=== Problem details ===
This exercise requires an exact output of the listing, images omitted.

(Dataset section begins)

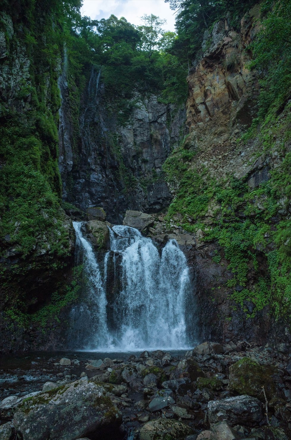 途中出てくる大滝は脆く垂直なので登れないですね。巻きが楽しい古典的な名ルートという感想です。
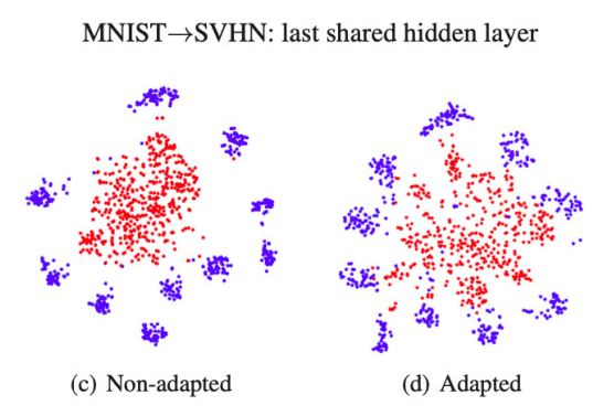 下图是一个典型的领域适应问题的效果展示图,左图是不使用领域适应的算法,右图是使用领域适应的算法。通过对抗训练,特征提取器会把源领域与目标领域对应的数据集拉近,使它们难以被判别器区分。
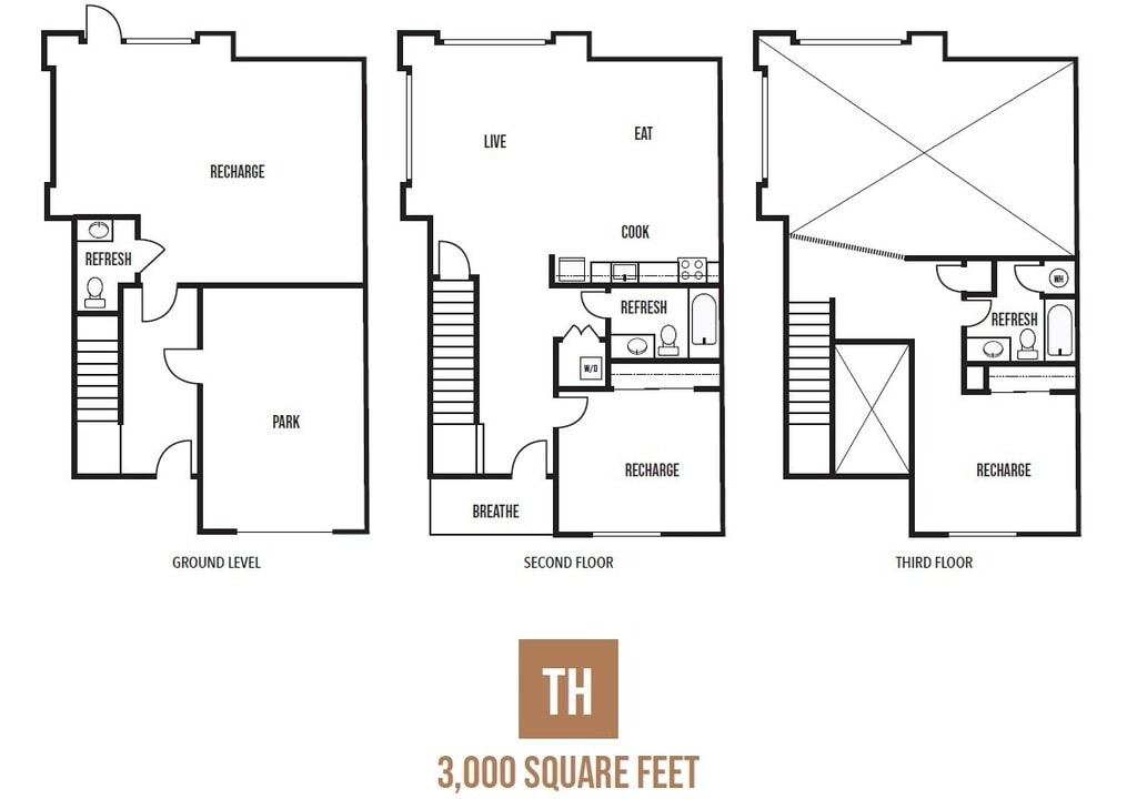 Three Bedroom - Plano 1 Unidad de apartamento: 1740Modelo de apartamento: Three Bedroom$3,2953 Dormitorios, 2.5 Baños, 3000 sq ftDisponible Ahora
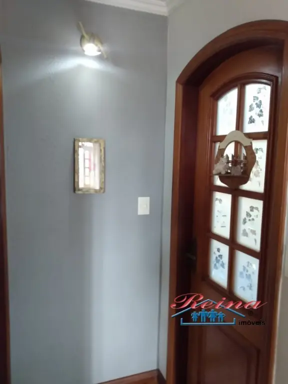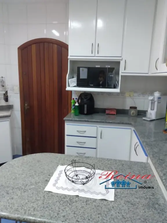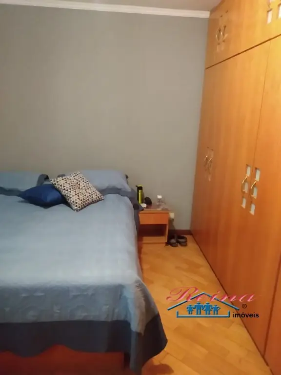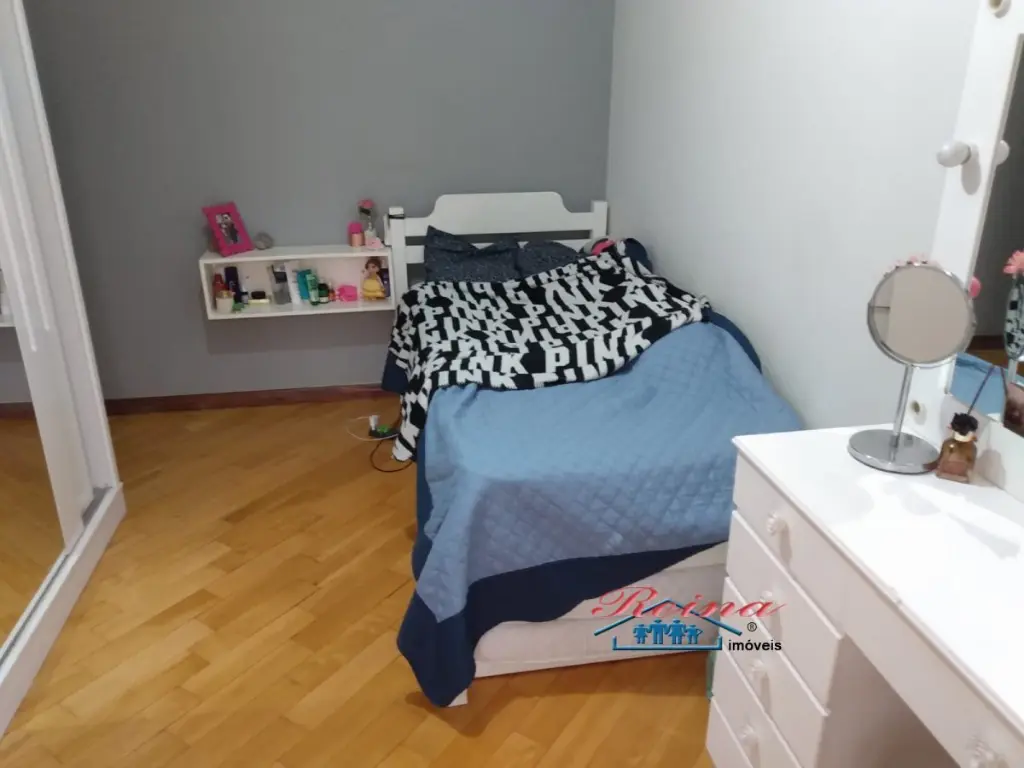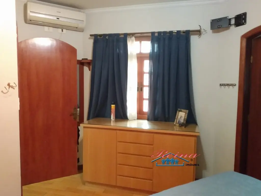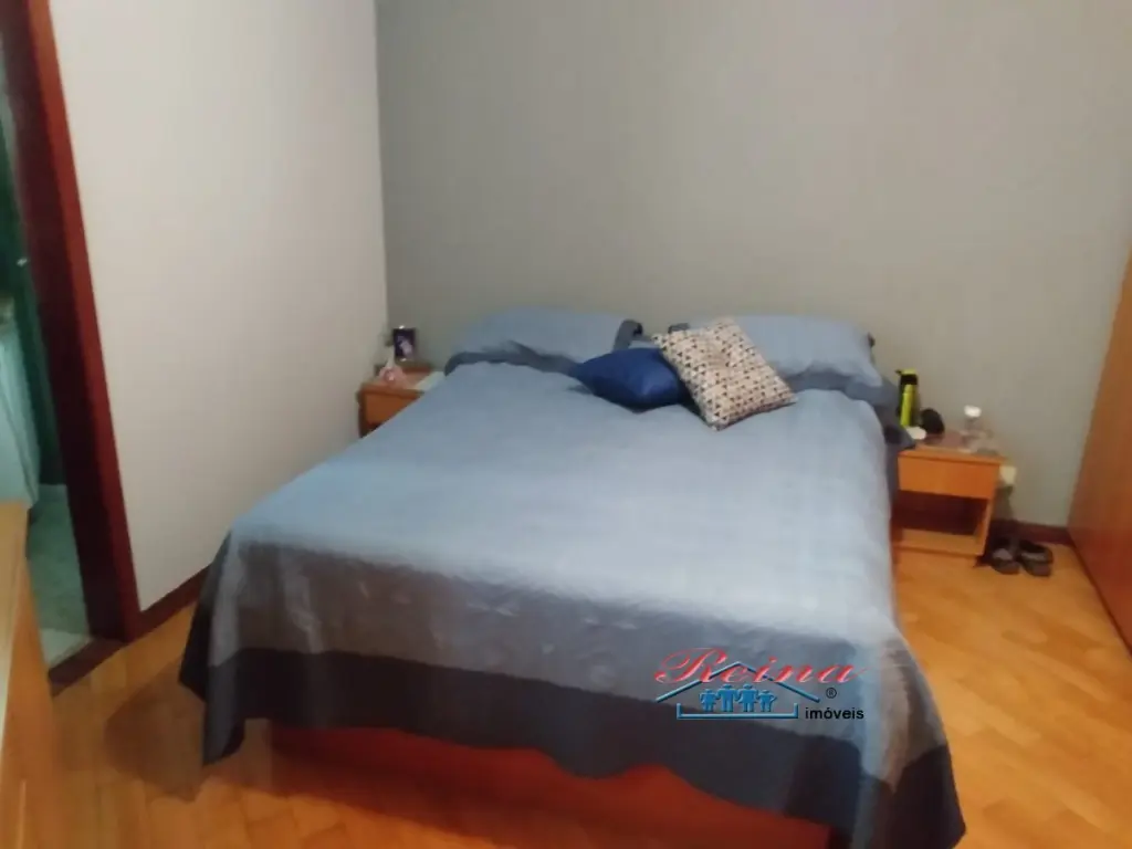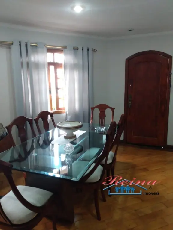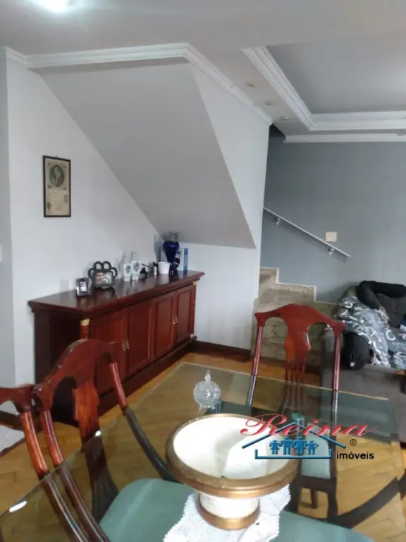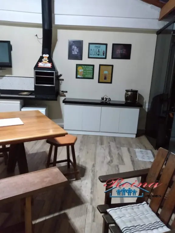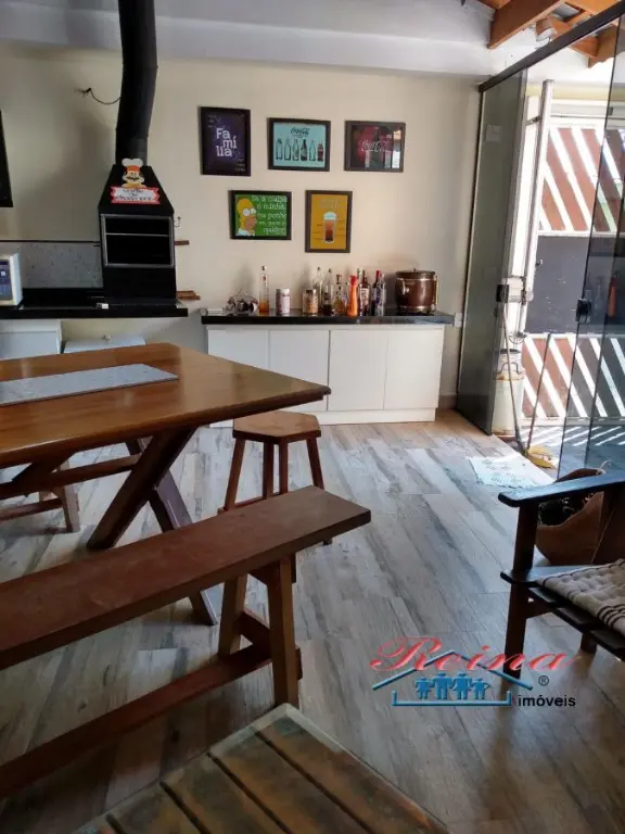 Sobrado com 3 dormito´rios (sendo 1 sui´te), ar condicionado quente e frio, arma´rio planejado, piso em madeira macic¸a (taca~o); 3 Banheiros (social, lavabo e na garagem); Sala para dois ambientes, piso em madeira macic¸a, sanca de gesso; Cozinha, arma´rios planejados; A´rea de servic¸o; Garagem para dois carros; A´rea externa com churrasqueira, mesa pra doze pessoas em madeira macic¸a, balco~es e arma´rios, a´rea totalmente fechada com vidro temperado. Dois porto~es automa´ticos. Entrada social com interfone.

(Dataset section ends)

=== Written answer ===
 途中出てくる大滝は脆く垂直なので登れないですね。巻きが楽しい古典的な名ルートという感想です。
 下图是一个典型的领域适应问题的效果展示图,左图是不使用领域适应的算法,右图是使用领域适应的算法。通过对抗训练,特征提取器会把源领域与目标领域对应的数据集拉近,使它们难以被判别器区分。
 Three Bedroom - Plano 1 Unidad de apartamento: 1740Modelo de apartamento: Three Bedroom$3,2953 Dormitorios, 2.5 Baños, 3000 sq ftDisponible Ahora
 Sobrado com 3 dormito´rios (sendo 1 sui´te), ar condicionado quente e frio, arma´rio planejado, piso em madeira macic¸a (taca~o); 3 Banheiros (social, lavabo e na garagem); Sala para dois ambientes, piso em madeira macic¸a, sanca de gesso; Cozinha, arma´rios planejados; A´rea de servic¸o; Garagem para dois carros; A´rea externa com churrasqueira, mesa pra doze pessoas em madeira macic¸a, balco~es e arma´rios, a´rea totalmente fechada com vidro temperado. Dois porto~es automa´ticos. Entrada social com interfone.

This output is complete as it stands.